BEGIN Listed entries
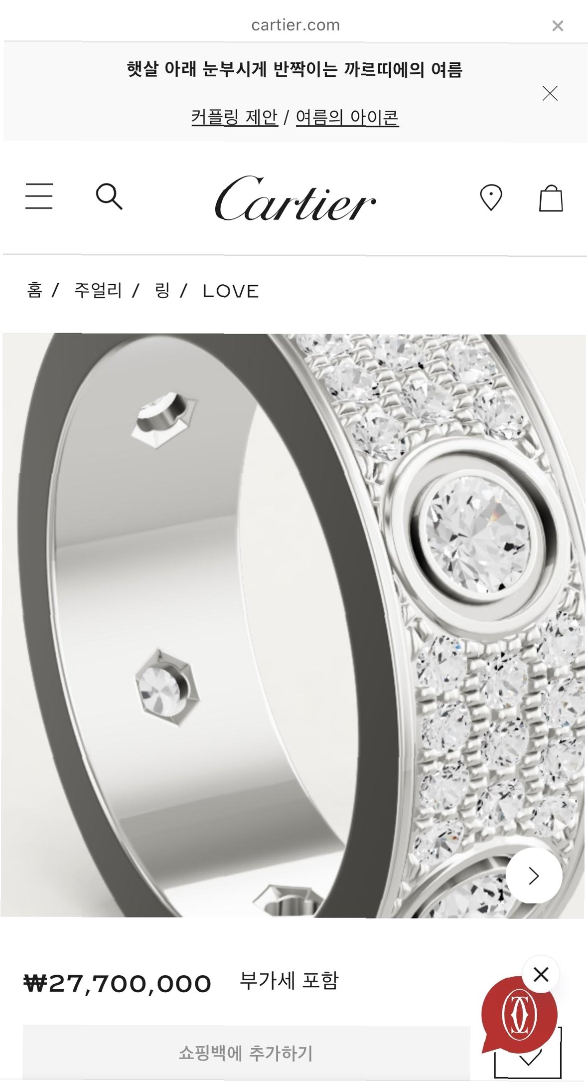 해당 반지는 까르띠에의 인기 모델 중 하나로, 전 축구선수 박지성과 SBS 전 아나운서 김민지 부부의 결혼반지로 유명하다. 까르띠에는 올해 총 세 차례 가격 인상에 나서면서 현재 2770만원에 해당 모델을 판매 중이다. 5년 만에 1000만원 가까이 오른 것이다.
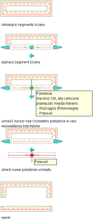 Procedura ta służy do zmiany położenia ściany za pomocą uchwytu Położenie. Podczas pracy z uchwytem położenia należy rozważyć dwa przypadki segmentów ścian: równoległe i nierównoległe.
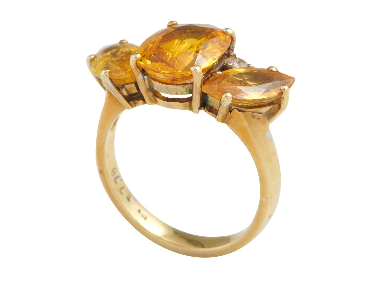 A SAPPHIRE AND DIAMOND RING IN 18CT GOLD, CENTRING A CLAW-SET OVAL-CUT YELLOW SAPPHIRE WEIGHING APPROXIMATELY 4.43 CARATS, FLANKED BY MARQUISE-CUT YELLOW SAPPHIRES TOGETHER WEIGHING APPROXIMATELY 3.35 CARATS, AND BRILLIANT-CUT DIAMONDS TOGETHER WEIGHING APPROXIMATELY 0.15 CARATS, RING SIZE O
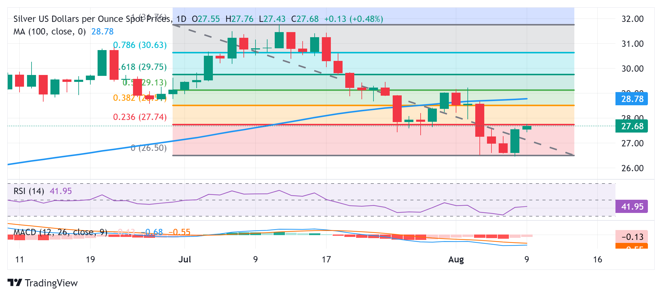 白银价格预测:白银/美元在27.65-70美元附近小幅上涨,跌幅23.6%
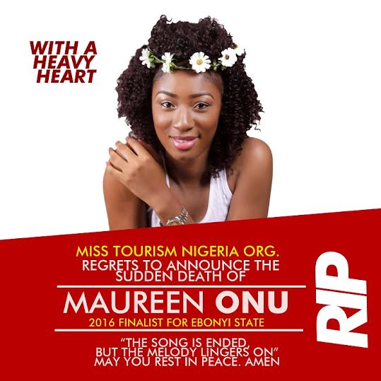 20 year old Maureen Onu, a contestant in the 2016 Miss Tourism Nigeria pageant which is billed to take place on July 9th, has died. Maureen died in the early hours of Thursday June 16th after a brief illness. So sad! May her soul rest in peace, amen…
END Listed entries
• [Activity] Reproduce the data above word for word from its first line through the line that holds "Procedura ta służy", both ends included; skip pictures.

• [Solved problem]
 해당 반지는 까르띠에의 인기 모델 중 하나로, 전 축구선수 박지성과 SBS 전 아나운서 김민지 부부의 결혼반지로 유명하다. 까르띠에는 올해 총 세 차례 가격 인상에 나서면서 현재 2770만원에 해당 모델을 판매 중이다. 5년 만에 1000만원 가까이 오른 것이다.
 Procedura ta służy do zmiany położenia ściany za pomocą uchwytu Położenie. Podczas pracy z uchwytem położenia należy rozważyć dwa przypadki segmentów ścian: równoległe i nierównoległe.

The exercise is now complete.